Reinvestment in a long-term savings plan / pension
- If you are either retired or aged over 65, you can also receive an exemption if you reinvest gains in an eligible insurance contract or pension fund within six months of the sale.
- When reinvesting in a pension, you must receive a maximum annual payment of 7.5% of the value of the funds invested.
- You need to indicate your intention to invest the funds fully or partially in your tax return for the year concerned.
- Life assurance policies – where you can hold a wide range of investment assets within its tax-efficient structure
Therefore, if you are selling your main home and do not wish reinvest the entire proceeds into a new home (for example if you are buying a smaller, more manageable property), you can invest the unused balance in a life assurance policy and benefit from the exemption.
Capital gains tax on Portuguese property owned by non-residents
Under Portugal’s current law, if you are not a resident of Portugal and sell a property in Portugal, the entire gain is taxable.
- Non-resident individuals are taxed at 28%.
- Non-resident companies (If you own Portuguese property through a non-resident corporate structure – such as a company or trust) are subject to Portuguese corporation tax of 25%.
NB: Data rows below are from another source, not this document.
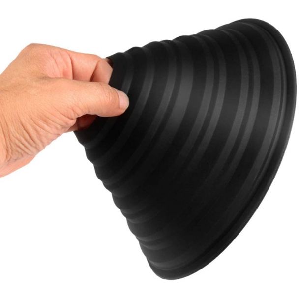 Grote rubberen zonnekap, speciaal bedoeld om door glas heen te fotograferen. Hierdoor voorkom je dat je reflecties van jezelf of je omgeving in de foto terug ziet. Door het gebruik van deze grote zonnekap kun je prima door glas fotograferen en voorkom je reflecties (van het glas) in je foto. Ideaal voor (bijvoorbeeld) het fotograferen van een aquarium. Geschikt voor elk merk lens. Leverbaar in 3 maten.
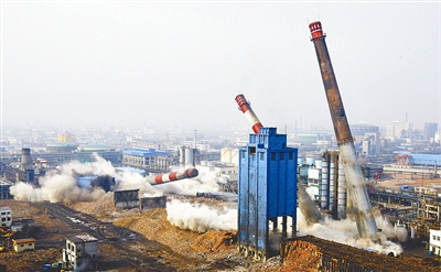 当日,上海焦化有限公司3座百米高的焦炉烟囱和两座45米高的焦炉煤塔被爆破拆除。烟囱和煤塔所属的4座焦炉始建于20世纪50年代,是上海的“功勋焦炉”,曾经担负着为上海50%的家庭供应人工煤气的任务。焦炉拆除后将在原址上新建一条煤精细化工产品生产线,每年将减少二氧化硫排放近2000吨,减少烟尘排放近1500吨。新华社记者 裴鑫 摄
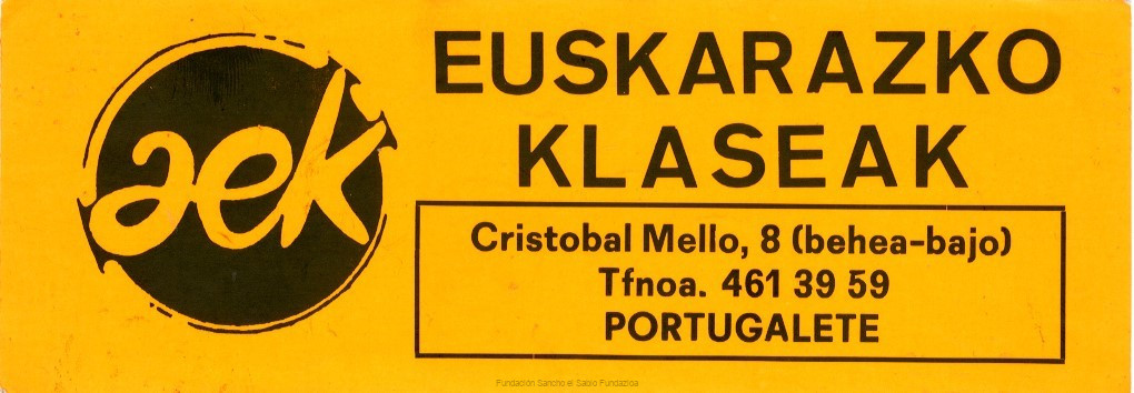 Título: Euskarazko klaseak : Cristobal Mello, 8 (behea = bajo) : Tfnoa. 461 39 59 : Portugalete
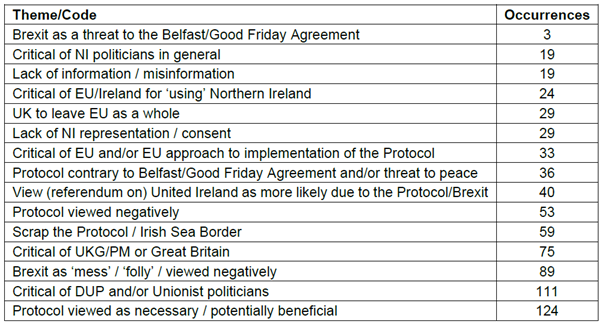 Among the written comments submitted to this survey, characterisations of the Protocol as necessary and/or beneficial occurred most frequently (in fact, twice as often as those criticising it). However, there was variation within this theme. Some respondents believe the Protocol offers “the best of both worlds” and ought to be represented as such. Others believe it could be beneficial if depoliticised and implemented rationally. Another section sees the Protocol as broadly negative but the “least-worst option” which therefore ought to be “made to work”. Many are of the view that Brexit has negative effects:
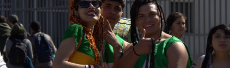 Hang on. This visually-evocative musing has been preempted by another, much-less probable one in which I’m riding in the back of a car driven by two total strangers – both beautiful women, by the way – with a mounted police escort of two motorcycles, going the wrong way down the parade route of Valparaiso’s Festival of a Thousand Drums. And I’ve only been in town for what, like 15 minutes?…
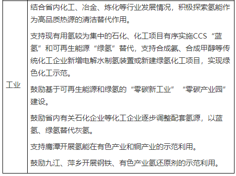 支持鷹潭、萍鄉(xiāng)、景德鎮(zhèn)、宜春等結(jié)合有色產(chǎn)業(yè)、銅產(chǎn)業(yè)集群發(fā)展規(guī)劃和鋼鐵產(chǎn)業(yè)、陶瓷生產(chǎn)綠色轉(zhuǎn)型、鋰電產(chǎn)業(yè)融合等,探索氫能規(guī)?;瘧?yīng)用,推進(jìn)氫冶煉技術(shù)。
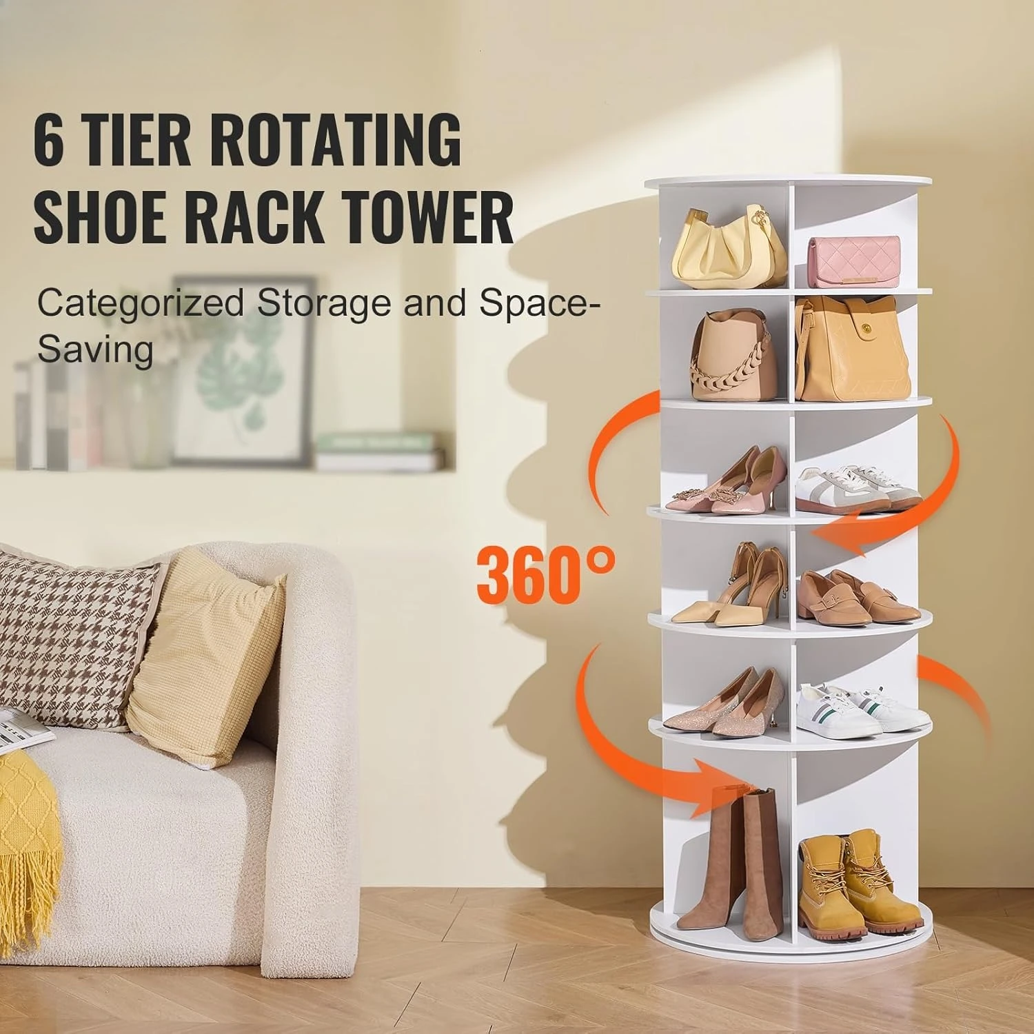 - 【360° Rotation】This 6-tier rotating shoe rack combines smart storage with easy access, so you can organize and display your shoes neatly and easily. Its 360° rotating design makes grabbing your shoes quick and easy, while adding a sleek, rotating touch to your space.

- Non-resident companies located (in a tax haven or a blacklisted jurisdiction), are taxable at 35%.
If you are resident elsewhere in the EU, or in an EEA state with a tax information treaty with Portugal, you may opt to be taxed as a Portugal resident instead. Note, however, that you will have to declare your worldwide income (see list below) in Portugal to calculate the marginal rate of tax that applies to the gain, so it only benefits those with very low income.
- Salaries and equivalents
- Pensions
- Freelancer or self-employed income
- Dividends
- Rental income
- Interests
- Capital gains (including crypto and financial portfolios)
Portugal capital gains tax for non-habitual residents (NHR)
Those with NHR status avoid liability for capital gains tax on certain foreign source gains, depending on which country has the taxing rights under the terms of the double tax treaty. Where the gain is taxable in the source country – such as with UK real estate – there is no liability in Portugal for non-habitual residents.
Gains are ‘exempt with progression’, however, so are still added to your annual taxable income to calculate your effective Portuguese tax rate. So, although not directly taxable, the gain could increase your overall tax bill.
*This article is provided for general information purposes only and is not intended to be, nor should it be construed as, legal or professional advice of any kind.